One of the many downsides of this problem is that I have no friends to commiserate with. I had what I thought were a lot of friends, once upon a time. Some were the ex’s, so she got them in the breakup many moons ago. Others drifted away. Some moved. I moved too, and the physical distance eventually translated into an emotional one. I tried keeping in contact with some, even if they became like strangers to me, their emails like a Christmas mailing list catching me up with their family members, their spouses & children, some of whom I had never even met.
I moved from a northern, semi-liberal city to a small southern city, and failed to make besties right away, which was unfortunate. I quickly came down with a disease that, at first, made it difficult to go out and meet people, then to hold a full-time job, then to hold a part time job. After years of caring for my sick mother, and a lot of time in and out of the hospital myself, I now I spend most of my time in a wheelchair, without the money or means to go anywhere. I haven’t dated in 15 years, and I never will again.
I have one real friend left, whom I’ve known for 30 years. He, somewhat ironically, lives in that semi-liberal northern city. Best friends. We got along great, vacationed together, etc. Like brothers from another mother. He started listening to talk radio in the 90’s, and then when Sept 11th happened, he went full Fox News. I wasn’t political at the time, but he’s my friend, so I started listening to Rush and the local Rush wanna-be, then later, watching Glenn Beck. Whereas he bought into them wholeheartedly, I did not. I found holes in their logic, leaps of logic, assumptions, etc. They were angry, and wanted me to be angry too, but they never sold me on it.

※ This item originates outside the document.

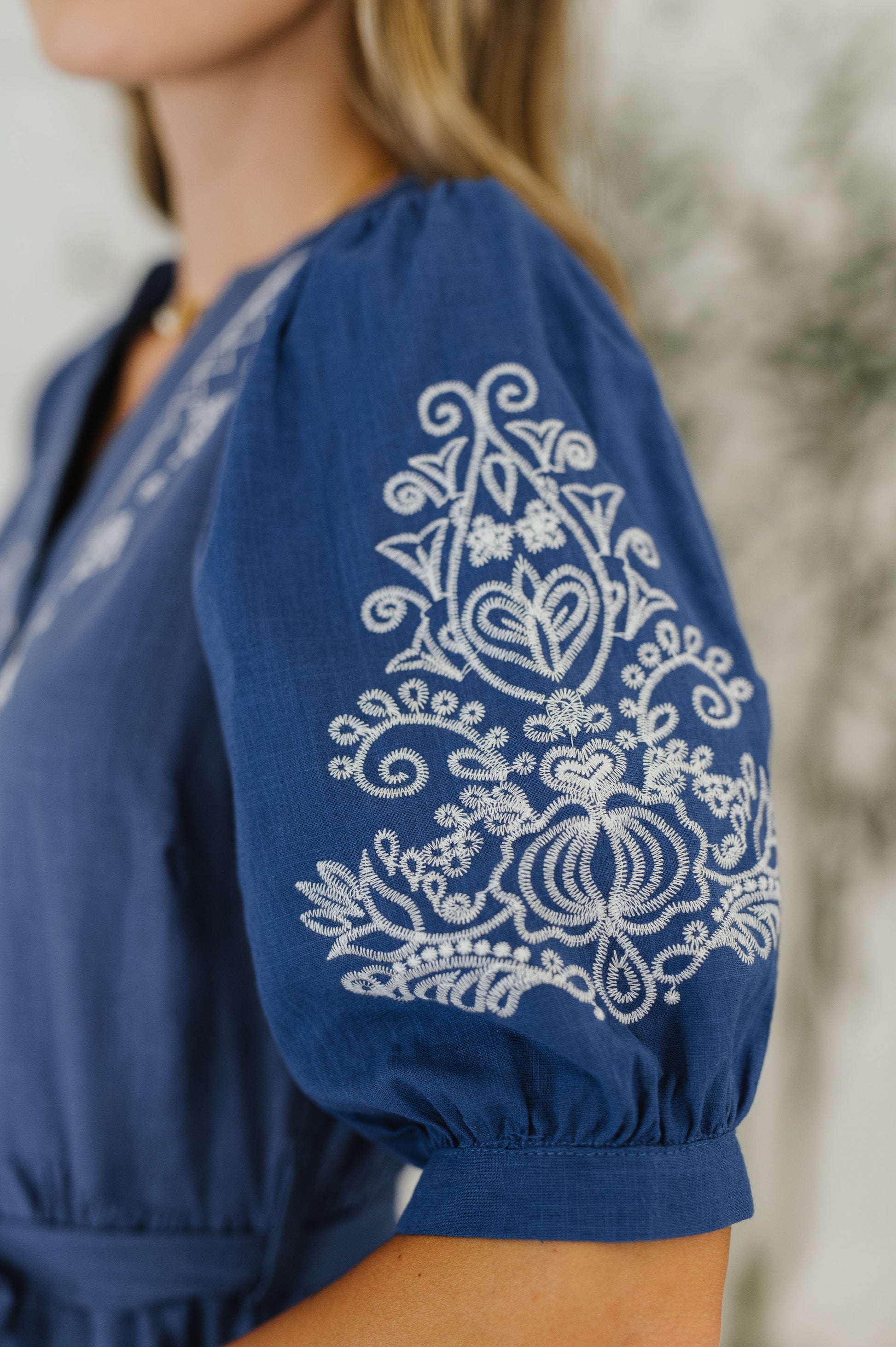 The Delicate Devotion Puff Sleeve Dress in Blue is a playful mix of elegance and comfort. Crafted from woven fabric with a flattering V-neckline, it features charming balloon sleeves with banded cuffs and gathered tiers for a flirty silhouette. Functional belt loops and a detachable waistband tie let you customize your fit, while side pockets keep essentials close. Finished with delicate machine embroidery, this dress is perfect for twirling through your day with style and ease.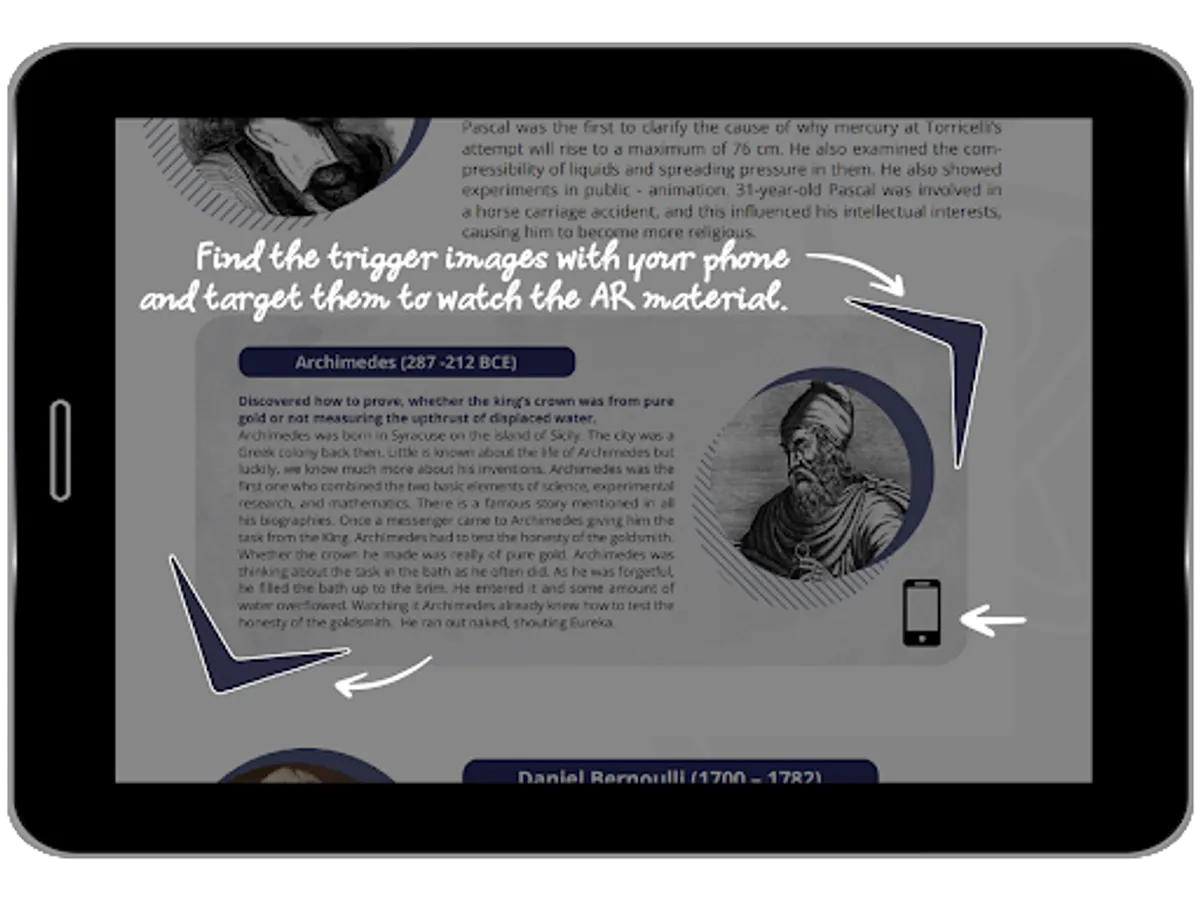 ARphymedes, an acronym for AR Physics Made for Students, resembles the name of probably the most famous physicist in history, Archimedes. Stories about this genius remind us that humankind will be nothing without the dreamers. We should give kids the opportunity to explore their dreams, and AR (augmented reality) is one way to do so.

Our political divide has been problematic for a long time, and the physical one probably doesn’t help either. Sometimes it’s just hard to fully communicate when you’re not in-person. About 10 years back, we had yet another argument and I cut off contact, exasperated, feeling at last that it was a lost cause. Our worldview had diverged too much, and I grew tired of him arguing viewpoints I thought he should have dismissed as foolish at best, politically/economically motivated lies at worst. A couple years later, for reasons, we started talking again. It went pretty well, but I tried to insist that we not talk about politics. Unfortunately, it seems now that EVERYTHING is politics, and he supports our president, whereas I am no fan of his. He keeps bringing up sensitive political subjects - which again, seems to be everything these days - and getting mad when I ask him to stop, or I argue with him. He says I’m, “triggered.”
He has his beliefs, I have mine. I take great pains to not bring up mine, but him, not so much. I feel like we make each other miserable. When we avoid politics, we still get along great, be we can’t for long. If one of us doesn’t tell the other to piss off soon, I think were just gonna drift apart anyway. I don’t want this, but short of letting him spout incorrect/potentially damaging nonsense uncontested (something I’m morally against), I’m limited in options. I don’t know what’s worse - continuing with this sad shell of a once-great friendship, or cutting things off and going it alone. Neither are appealing.
So there you go. My bitch-fest. Thanks for being my. . .surrogate? Single serving? . . . friend.